Weeds and pest control without muda – Yes, of course, focus on prevention, rather than managing. Ben gives 5 Steps to No Weeds. Yes, time saved there would pay for the price of the book too! Pests, Leaned Up is about Biological IPM: rowcovers, beneficial insects and biological sprays if needed.
The sales chapter looks at transportation logistics and sensible delivery vehicles. As Ben says, “Big vehicles, we learned, don’t by themselves lead to large sales.” Avoid over-production. Set up your market booth for smooth flow.

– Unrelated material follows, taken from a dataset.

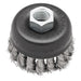 Milwaukee offers the finest quality knot wire cup brushes to give you long service on the toughest cleaning jobs. These cup brushes are ideally suited for cleaning castings, structural steel and sheet metal. Milwaukee offers a full range of knotted and crimped cup brushes as well as a full line of stringer bead and full cable twist wire wheels. This knot wire cup brush is designed to be used on 4-1/2 in. or 5 in. Milwaukee and competitive grinders with 5/8 - 11 threaded spindles. Made of carbon steel.

The case studies explore how Clay Bottom farmers decide which varieties to grow, where and when, and of course, how much. The case study crops are tomatoes, baby greens, kale, head lettuce and romaine, carrots, other bunched roots, and peppers. Here’s good information from someone who has paid exquisitely good attention to what works and what doesn’t.
The chapters on finding good land and setting up your farm in a well-organized, Lean way will save new farmers some costly (livelihood-threatening) mistakes, and help the rest of us think twice about why we store our tools where we do, and so on. The greenhouse chapter is brief, and yet full of gems about design.